Des spécialistes en immunologie préviennent qu’il est quasiment impossible de lancer une véritable campagne de vaccination avec la quantité disponible, qui ne dépasse pas les 100 000 doses.
Maintenant que le défi du lancement de la vaccination contre le nouveau coronavirus est relevé dans les délais exigés par le chef de l’État, un autre pari vient s’imposer et s’annonce déjà difficile à tenir. C’est celui de la répartition équitable des quantités disponibles à travers les 8 000 centres désignés pour l’immunisation des Algériens contre la Covid-19. A priori, les raisons sont évidentes et liées au nombre réduit de doses livrées et réceptionnées jusque-là.

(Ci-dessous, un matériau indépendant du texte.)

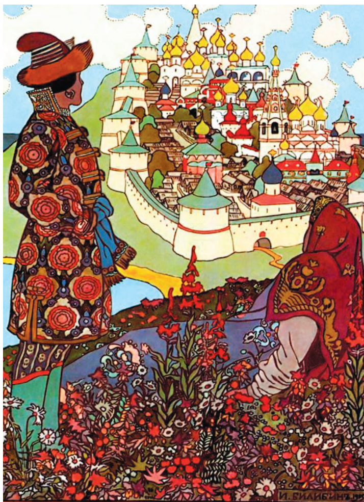
«На наш взгляд современного человека, это был огромный музей сокровищ». И. Билибин, иллюстрация к «Сказке о царе Салтане», 1905

Выше Теремка были только купола кремлевских соборов. А сейчас скрытый поздними зданиями Теремной дворец можно увидеть только с самых ближних ракурсов в самом Кремле и с двух-трех случайных точек вне его. Не говоря о том, что интерьеры легендарного памятника, находящегося на закрытой территории, для подавляющего большинства москвичей и гостей столицы по-прежнему существуют лишь на картинках.
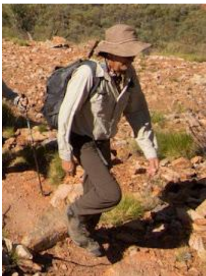
Nie wolno zapominać o dobrej ochronie przed słońcem i porządnych butach

Nie są wymagane żadne szczepienia obowiązkowe.
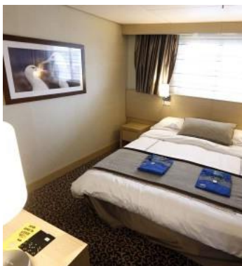
D - Außenkabine (freie Sicht), Deck 4 + 5 + 6

Beschreibung: Die Kabinen dieser Kategorie wurden 2016 und 2017 renoviert. Die Außenkabinen der Kategorie O sind mit einem Doppelbett oder zwei Einzelbetten sowie einem Bad mit Dusche/WC ausgestattet. Zudem befinden sich ein Fernseher sowie ein Kühlschrank in der ca. 19 m 2 großen Kabine. Ein Schrank, Klimaanlage, Föhn und Satellitentelefon sind ebenfalls vorhanden. Durch Rettungsboote ist die Sicht nach draußen durch die Panoramafenster eingeschränkt.
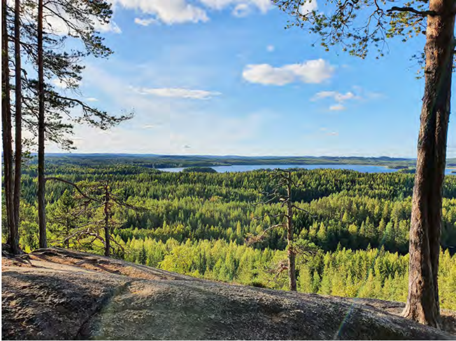
Kuva 16. Korkealta Hyypäänvuoren laelta avautuva järvimaisema.

muodostumiseen sekä sitä, miten poliittisesti latautuneita tämän kaltaiset maisemakuvastot voivat olla. Lisäksi tietoisun tarkoituksena oli nivoa yhteen työpajassa käsitellyjä teemoja ja toimia yhteisen loppukeskustelun kimmokkeena.
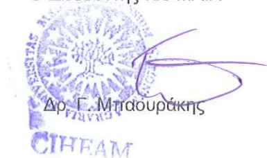
Δρ. Γ. Μπραουράκης
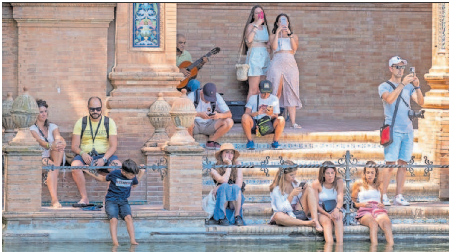
Varias personas se refrescaban ayer, cobijadas del sol, en el estanque de la Plaza de España en Sevilla.

M. J., Washington El FBI temía que el expresidente de EE UU Donald Trump pusiera en riesgo "fuentes de inteligencia clandestina" al retener documentos. Así se desprende del atestado del registro de su mansión de Florida, que se ha hecho público en su mayoría tachado. PÁGINA 2
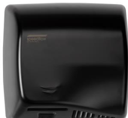
M17AB Acabado negro mate
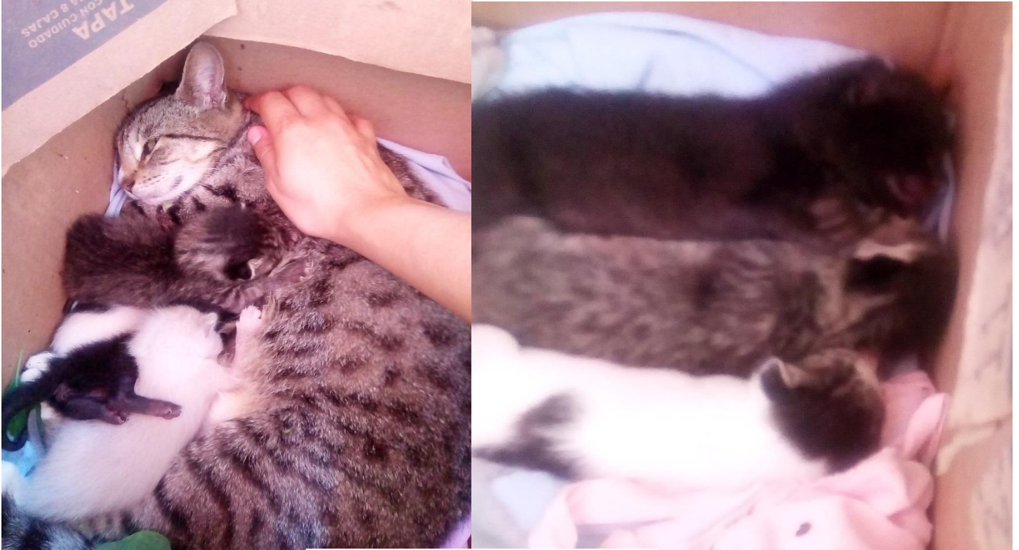
Fig. 1. Llegan los gatitos con su madre a la veterinaria
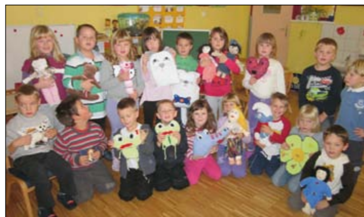
Otroci rdeče igralnice z objemčki, ki so jih naredili s svojimi starši v okviru akcije »obdarovanje«.
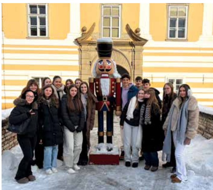
Nemški dijaki pri nas

Mladinske izmenjave temeljijo na neformalnem učenju, sodelovanju in osebnih stikih, zato imajo pomembno vlogo pri oblikovanju odprtih, samostojnih in odgovornih mladih.
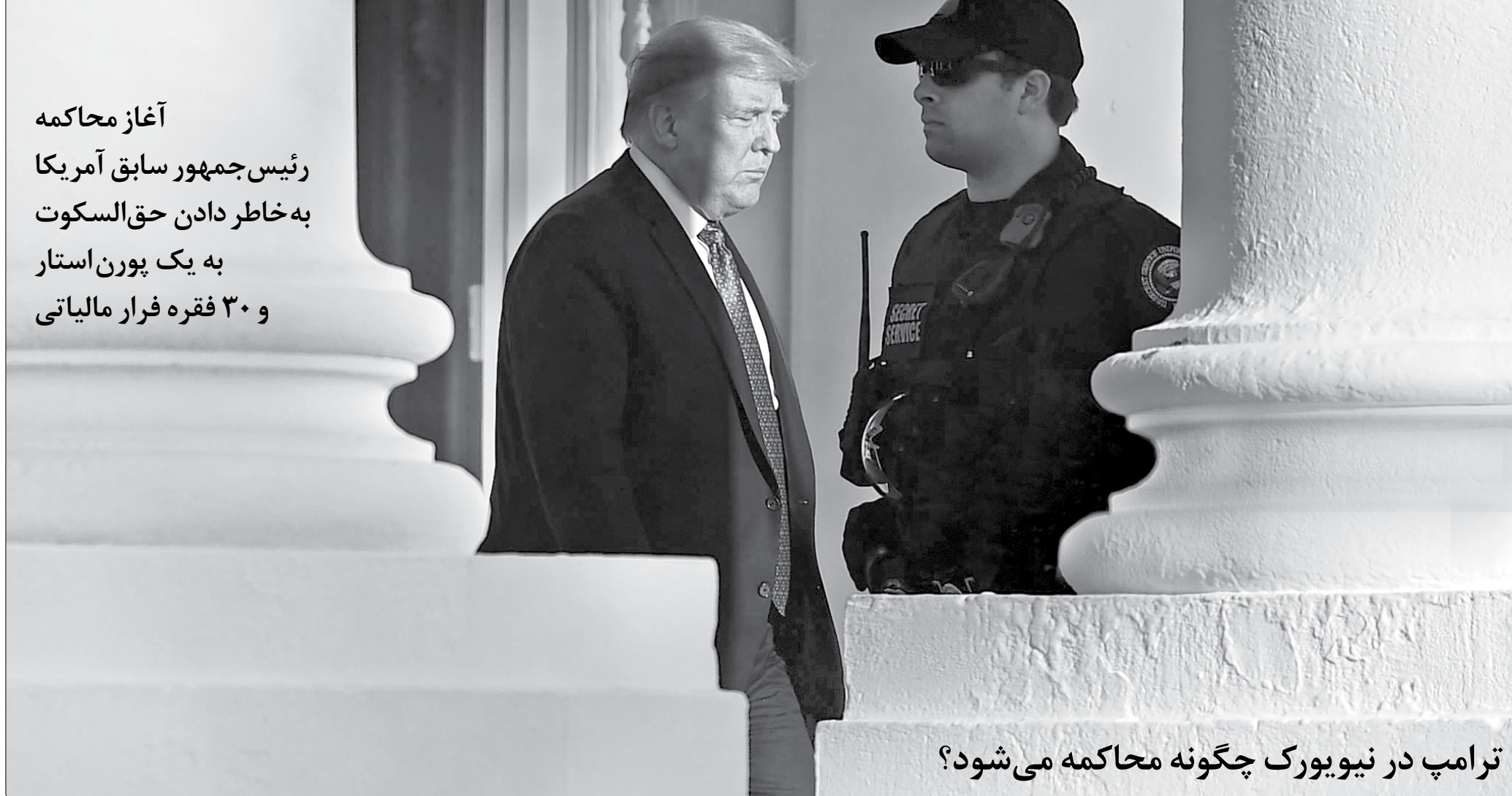
ترامپ در نیویورک چگونه محاکمه می‌شود؟

آغاز محاکمه رئیس جمهور سابق آمریکا به خاطر دادن حق‌السکوت به یک پورن‌استار و ۳۰ فقره فرار مالیاتی
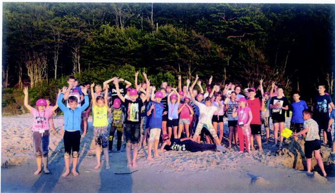
Stowarzyszenie Siloe projekt pn. „Morska przygoda”
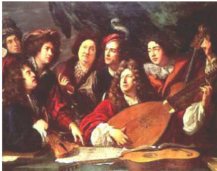
les artistes soutenus
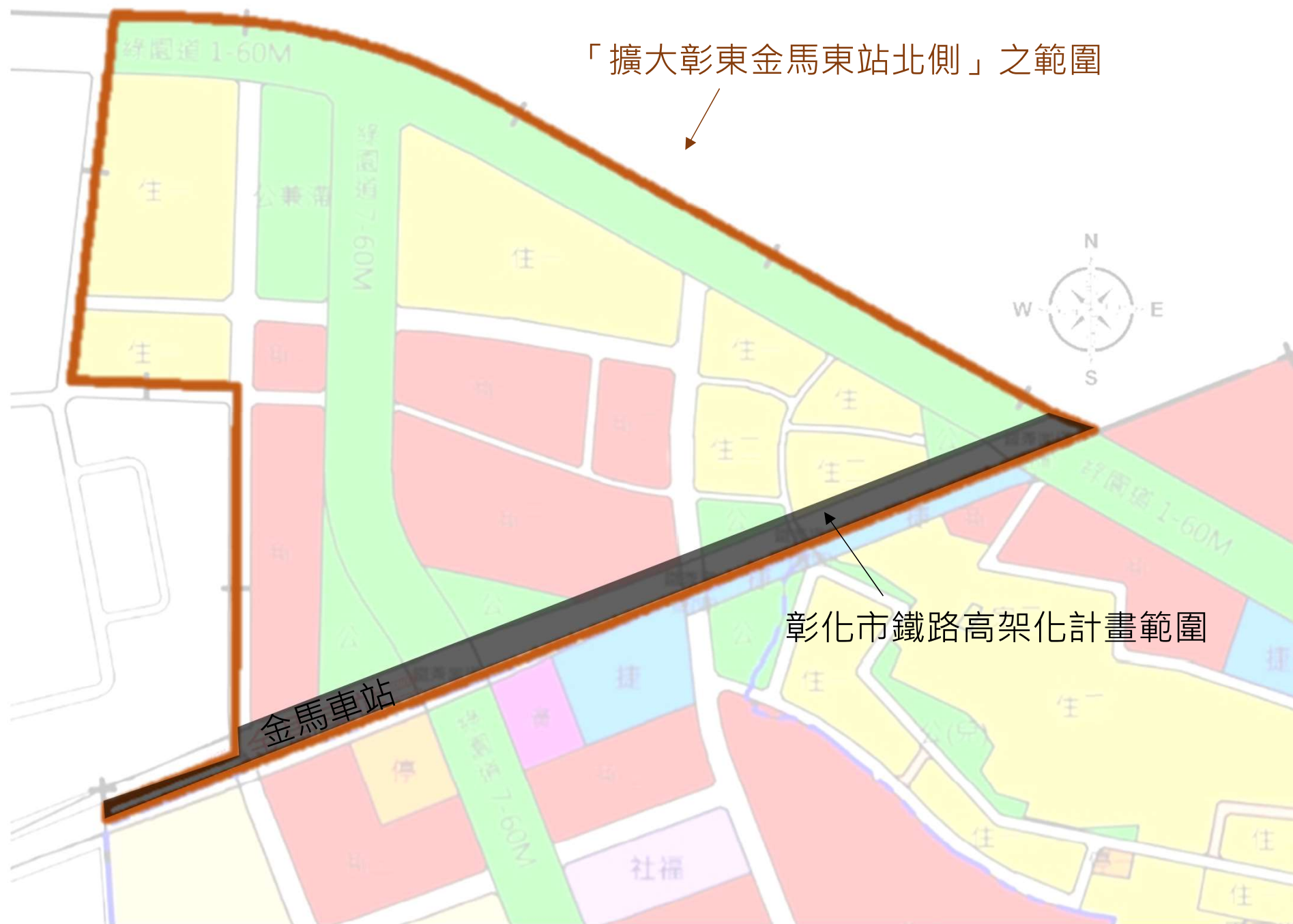
彰化市鐵路高架化計畫與「擴大彰東金馬車站北側」範圍示意圖
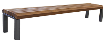
PARKBÄNKE Modell Rostock H Lang
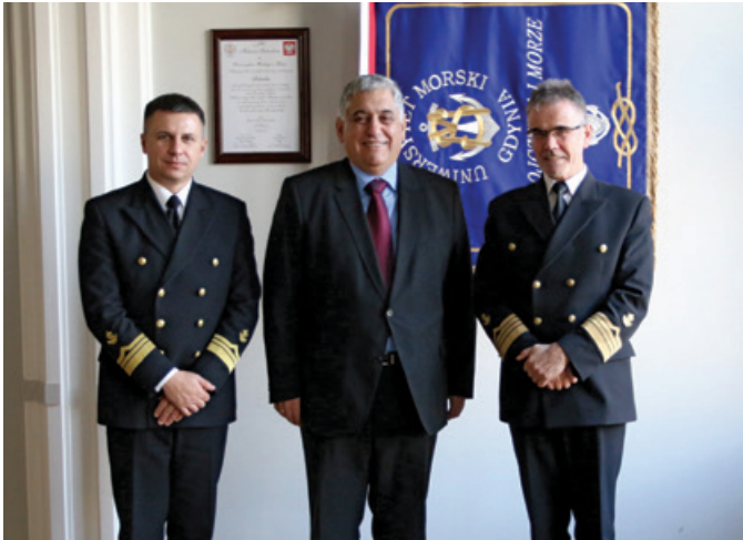
Spotkanie z rektorem bułgarskiej AMW.
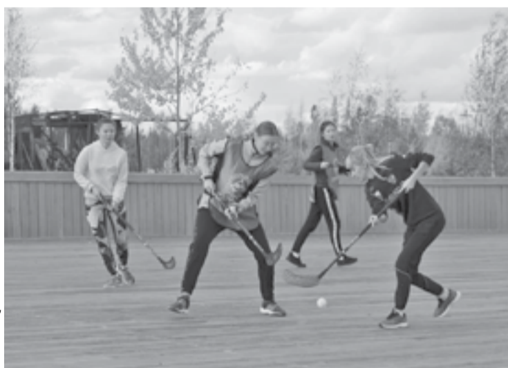
Популярность нового вида спорта – флорбола – в Ванаваре растет

В Ванаваре прошли открытые соревнования по флорболу (хоккей с мячом на твердом полу) среди мужчин и женщин. В соревнованиях участвовало не так много команд, как хотелось бы организаторам, но, тем не менее, игры получились зрелищными, а их итоги – непредсказуемыми.
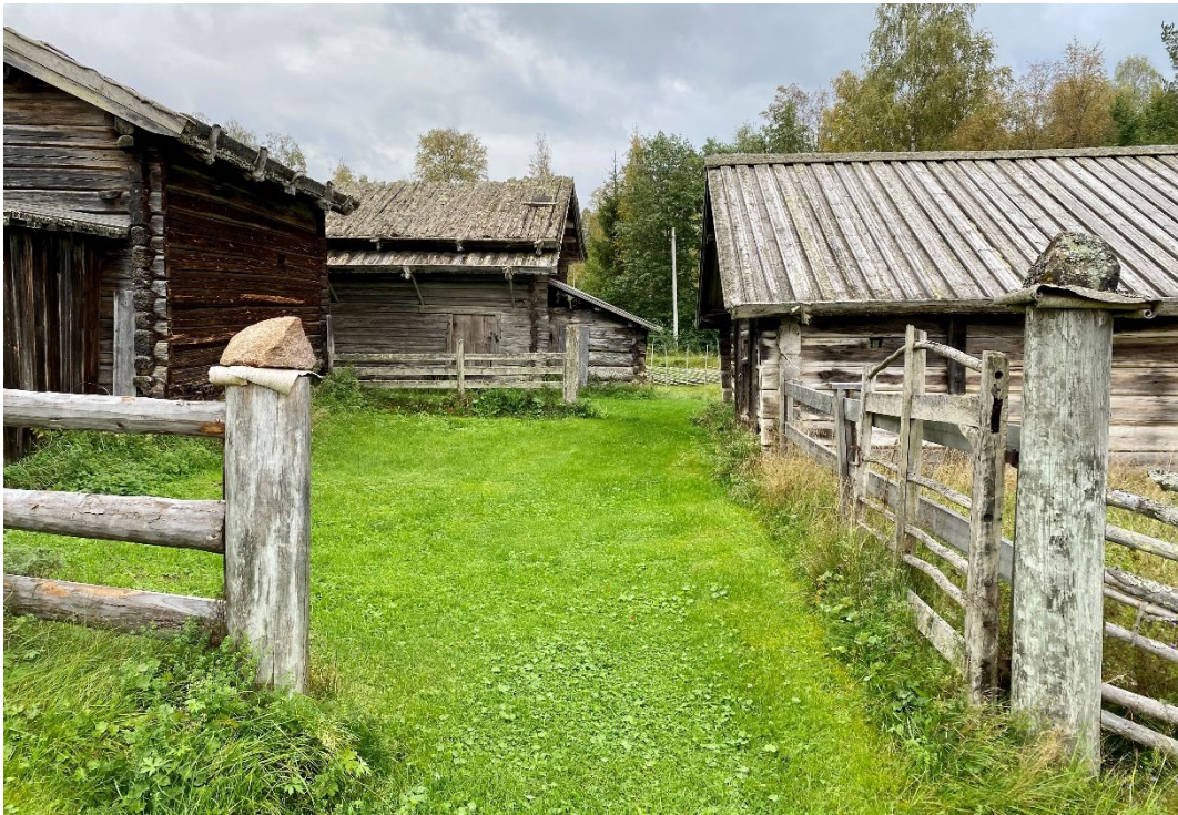
Figur 4- 2.Finngården.
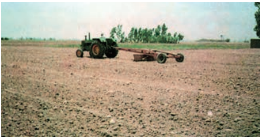
شکل ۲-۳- تسطیح کردن زمین توسط زمین صاف‌کن (لندلولر)
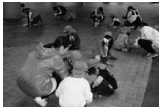
多摩境駅周辺で掃除に励む園児の皆さんと先生

現在は、壁面周辺の美化活動に関する協定を、市と同園との間で締結しており、先生や園児の皆さんが広場に捨てられたガムをはがしたり、周辺道路の清掃等の活動を行
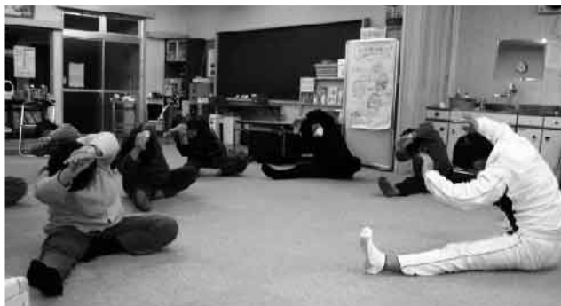
生活習慣病予防教室の様子

よっと検査値が高い、少しくらいは平気かな」が本当はとっても危険です。 健康福祉課では、生活習慣病予防のための健康・栄養相談会を実施しておりますのでお気軽にご相談ください。
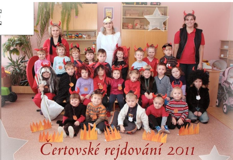
Čertovské rejdivání 2011
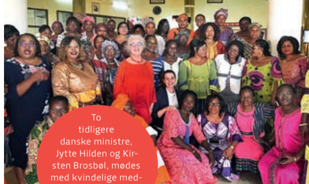
To tidligere danske ministre, Jytte Hilden og Kirsten Brosbøl, mødes med kvindelige medlemmer af partiet MPP i Burkina Faso.
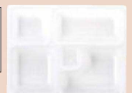
⑫ P.S.W-3 9寸長手 1-450-18 P.S白仕切薄型 1ヶ ¥44
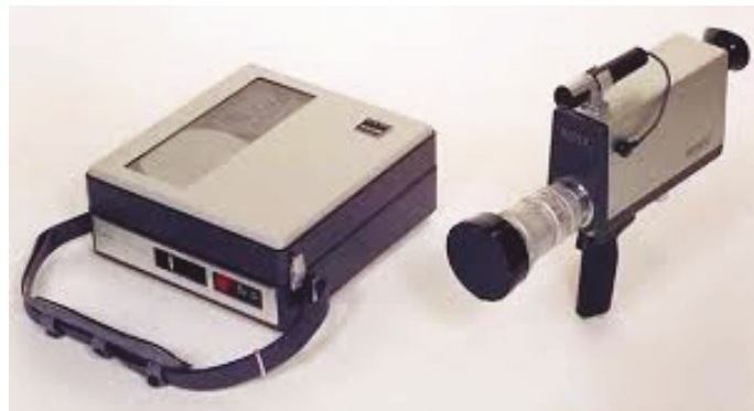
Le premier caméscope grand public : le Sony VHS Videoportapak.

Je renonce au 16 mm vers la fin des années 1970, pour raison financière. Étant donné le coût exorbitant des bobines Kodachrome de 30 mètres, soit trois minutes d'enregistrement, le film revient plus cher que le voyage.
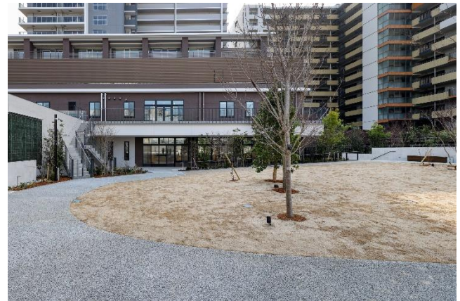
交流の場になるオーバルパーク
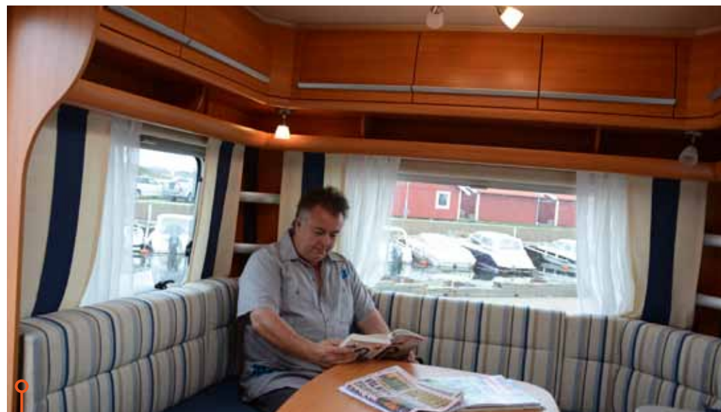
God belysning och dubbla 230-uttag är plus i kanten hos Fendt.
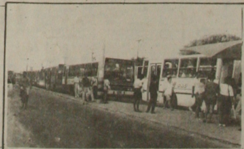
Motoristas não têm condições de dirigir ônibus

MOTORISTA I - O irresponsável motorista ainda saiu xingando o anelão. Alguns passageiros declararam que o motorista estava embriagado, alguns populares ainda tentou comunicar o fato a fiscalização, da SMTU no terminal, mas um
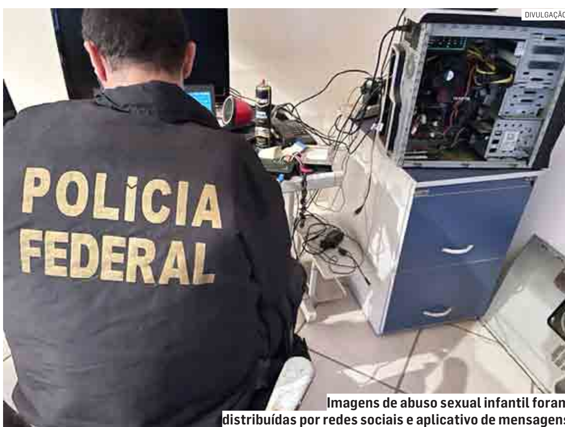
Imagens de abuso sexual infantil foram distribuídas por redes sociais e aplicativo de mensagens

Há indícios de que um dos investigados seja suspeito de, não só disseminar arquivos, mas também de proceder a produção de imagens com conteúdo de pornografia infantil, podendo, portanto, responder ainda por estupro de vulnerável. Esfor-
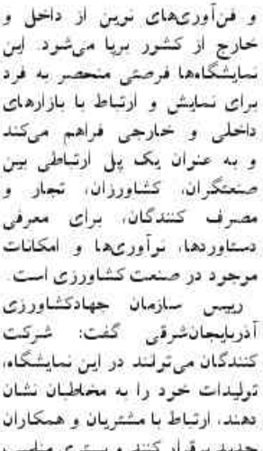
رئیس سازمان جهادکشاورزی آذربایجان شرقی گفت: این استان در حوزه ایجاد زنجیره ارزش، فرآوری، درآمدهای حاصل از صادرات و صنایع وابسته در مسیر برای توسعه و ارتقاء با بازارهای داخلی و خارجی فراهم می‌کند.

۳۰ خرداد تا ۲ تیر ماه سال جاری برای بازدید سرمایه گذاران، فعالان این حوزه و علاقه مندان در محل دایمی نمایشگاه بین المللی تبریز برپا می‌شود.
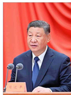
El Presidente chino, Xi Jinping, todavía no ha tenido ningún contacto desde que Donald Trump volvió al poder.

"Impulsar reformas estructurales para simplificar las regulaciones, mejorar los trámites de permisos e impulsar las habilidades y la innovación será esencial para impulsar el crecimiento de la inversión y la productividad", concluyó el informe de la OCDE.
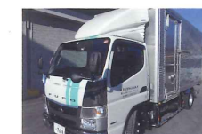
感染性廃棄物やパレット品及びドラム缶入廃液等重量物回収対応可能です。

Avec l’arrivée avant-hier, lundi, d’une cargaison de 50 000 doses du vaccin anglo-suédois Astra-Zeneca, l’Algérie totalisait jusqu’à hier un nombre de 100 000 doses en y ajoutant la livraison assurée par le Centre de recherche russe Gamaleïa. À première vue, l’opération de vaccination est loin d’être de tout repos. Elle s’annonce plutôt laborieuse et plus ardue que la bataille engagée par le gouvernement pour l’acquisition du sérum anti-Covid, même si un plan vaccinal a été mis au point et rendu public précédemment. Ces deux premiers chargements réceptionnés permettront-ils de mener réellement cette course à l’immunisation dans la transparence la plus totale sans pour autant connaître de rupture de stocks ou de pénurie ? La question mérite d’être posée aujourd’hui, malgré les assurances renouvelées à chaque occasion par le gouvernement.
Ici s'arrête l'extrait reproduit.